#  > TECHNIEK & ZELFBOUW FORA >  > TECHNIEK >  >  Krachtblindertje 380--> 220

## reflection

we hebben weer eens lopen knutselen en het resultaat is:

een krachtverdelertje.

tjah, de lightjockey wil ook wat :Big Grin: 

best netjes geworden, 2x32 ampere in.. is echter wel maar 3x16a afgezekerd, aardlek komt nog.

http://groups.msn.com/_Secure/0SQDPAp0WplqY7YzFwo8n75ml2034oBJpC84XimMaVQ7QBVeyB  Nf!kmf4V*aXjbfUMhw*sODtaYser7Hn5OG6ZlNR17kG6BYcTqX  Asplysv!zNafXN7zhQg/krachtblinder.JPG?dc=4675450759363911175

----------


## KoenB

Sorry maar de link werkt hier niet

----------


## ronny

bij mij werkt de link wel.

toch enkele opmerkingen over je zelfbouw krachtverdeler:

ik veronderstel dat je de uitgangen naar shuko's hebt gebracht?  Hoe heb je dan de aarde doorgelust naar de verschillende shuko's?

Ook zou ik er meteen een aardlekschakelaar in zetten, maar dat ben je al van plan heb ik gelezen.

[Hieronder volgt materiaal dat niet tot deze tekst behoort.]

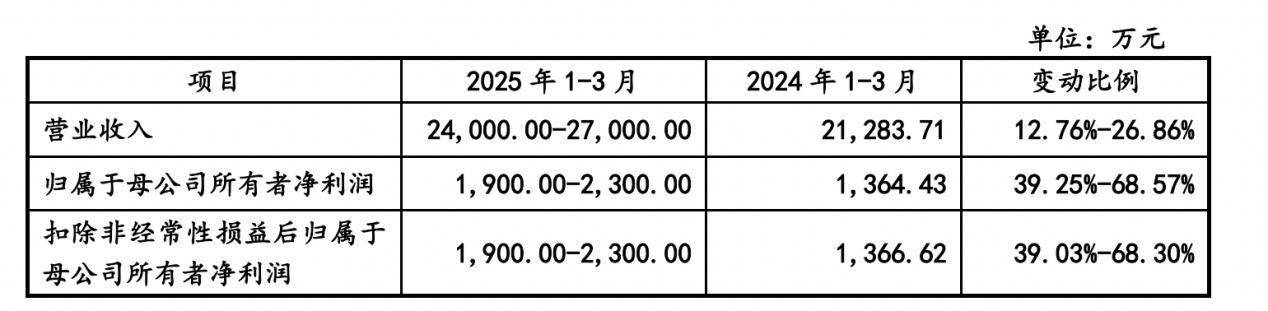 众捷汽车预计2025年1-3月实现营业收入2.4亿元至2.7亿元,同比变动幅度为12.76%至26.86%;预计归属于母公司所有者净利润为1900万元至2300万元,同比变动幅度为39.25%至68.57%;预计扣除非经常性损益后归属于母公司所有者净利润为1900万元至2300万元,同比变动幅度为39.03%至68.30%。

> citaat:2x32 ampere in.. is echter wel maar 3x16a afgezekerd



3*32A zal je bedoelen.  waarom een 32A input als je toch afzekert naar 3*16A?

----------


## reflection

onze kabels zijn allemaal 32 ampere, en zo kan je met aardlek straks wel 16 ampere trekken maar hoef ik niet met verloopjes te knutselen als er 32 ampere is, wat 9/10 keer zo is

----------


## ronny

ah dat verklaart veel  :Smile:

----------


## Overdrive

Je hebt daar 6 shuko's en 3x 16A.....
Waarom niet nog een extra setje automaten zodat je meteen 6x 16A hebt?

Groeten Joost

----------


## reflection

had idd ook gekund,  maar dan word de blinder een beetje groot

----------


## Rudy Vorstenbosch

Hoe kom je aan het woord blinder voor dit toestel?!

----------


## neeltje

effe een vraagje, als je ledjes wil inbouwen om te zien of alledrie kanalen stroom krijgen, hoe moet je die dan schakelen??

----------


## Gast1401081

met een weerstand van de fase naar de nul, en alleen als je er verstand van hebt...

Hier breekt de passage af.